The Minister for Education, Mr Dempsey, has said throughout this week that if the commission was to hear evidence on each of the 1,700 allegations that had been made to it, it would go on for eight to 11 years, and some €200 million would be paid out in legal fees, largely to lawyers representing alleged abusers.
It had not been the Cabinet's original intention for the commission to investigate each individual case, he says. Rather, Ministers had wanted an inquiry along the lines of the one set up in Queensland, Australia, in 1998.
That inquiry's remit was to determine whether "any unsafe, improper or unlawful care or treatment of children" had occurred in institutions or detention centres, and whether any breaches of the law had taken place in this regard.
It was to ascertain the extent, nature and location of abuse, and how it had been allowed to happen, rather than to examine individual cases.
But Mr Dempsey said this week that somewhere between the Cabinet determining in 1999 that this was how it was to proceed and publishing legislation in February 2000, it turned into something quite different.
The implication of this account is that having determined that it wanted the more general and shorter Queensland-type inquiry, the Cabinet - Minister for Education, Attorney General, Taoiseach, the lot - approved legislation setting up something else.
This is a truly extraordinary admission. How could it happen that a Government would want one type of inquiry and end up establishing an entirely different one?
"I never thought we were going to get into 1,700 trials," the Taoiseach said yesterday.
So why did the legislation allow for this? We have no means of finding this out due to the doctrine of Cabinet confidentiality.
The second apparently inept Government action concerns what happened when the Cabinet apparently noticed to its surprise that it had indeed sponsored legislation mandating the commission to do exactly what it didn't want it to do: to examine each and every complaint.
The Government responded last December by setting up a review of the commission's work in an attempt to speed it up. Mr Dempsey met Ms Justice Laffoy to discuss this.
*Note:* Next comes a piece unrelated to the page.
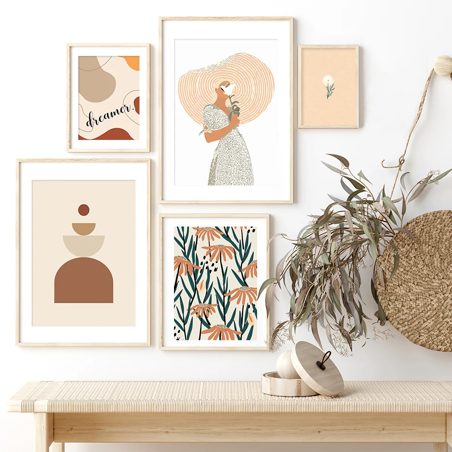 Абстрактная Геометрия в стиле бохо, цветочные плакаты, холст, насте...

The Attorney General was consulted, victims' views were sought.
The review was supposed to take a couple of months but dragged on for close to six.
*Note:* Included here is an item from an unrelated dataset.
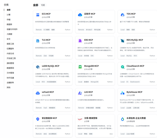 目前国内大厂均先后拥抱MCP机制,大厂的生态作用也可进一步凸显。据钛媒体,4月9日阿里云百炼上线业界首个全生命周期MCP服务,同日,腾讯云上线正式发布“AI开发套件”,旗下的OceanBase也已实现MCP协议的对接。百度则引入基于百度搜索的MCP Server发现平台和MCP Server服务。目前阿里百度腾讯字节旗下一部分AI智能体产品均支持MCP协议。字节的火山引擎构建了大模型生态广场,提供各类字节旗下或第三方的MCP。

Ultimately, Mr Dempsey told us this week, he brought the heads of a Bill to reform the commission's operation to Cabinet for discussion.
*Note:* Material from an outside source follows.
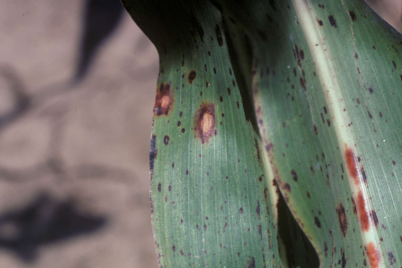 Characteristic lesions. Red lesions on midrib are caused by a Cercospora sp.

But - and again we have Mr Dempsey's word for this - the Cabinet examined this plan, and decided that this was not the best way to proceed at all as it would not significantly shorten the work of the commission.
It decided that the whole thing would have to be examined again.
So the Government decided in 1999 that it wanted a general inquiry into child abuse in institutions but for some reason ended up setting up one that would inquire into specific cases.
Then when it saw this problem it sent Mr Dempsey off to review the situation. When he came back after six months' deliberation with a plan it decided this wouldn't solve the problem and he was to go off and organise another review.
And it's not over yet.
That review was to be announced in July, by which time a decision was expected in the case taken by the Christian Brothers challenging the commission's intention to name deceased, incapacitated or untraceable brothers alleged to be abusers.
This decision didn't come, and is now hoped for in October. It would be "prudent", says Mr Dempsey - probably correctly - to wait for that decision before framing legislation setting out how the commission will operate in the future.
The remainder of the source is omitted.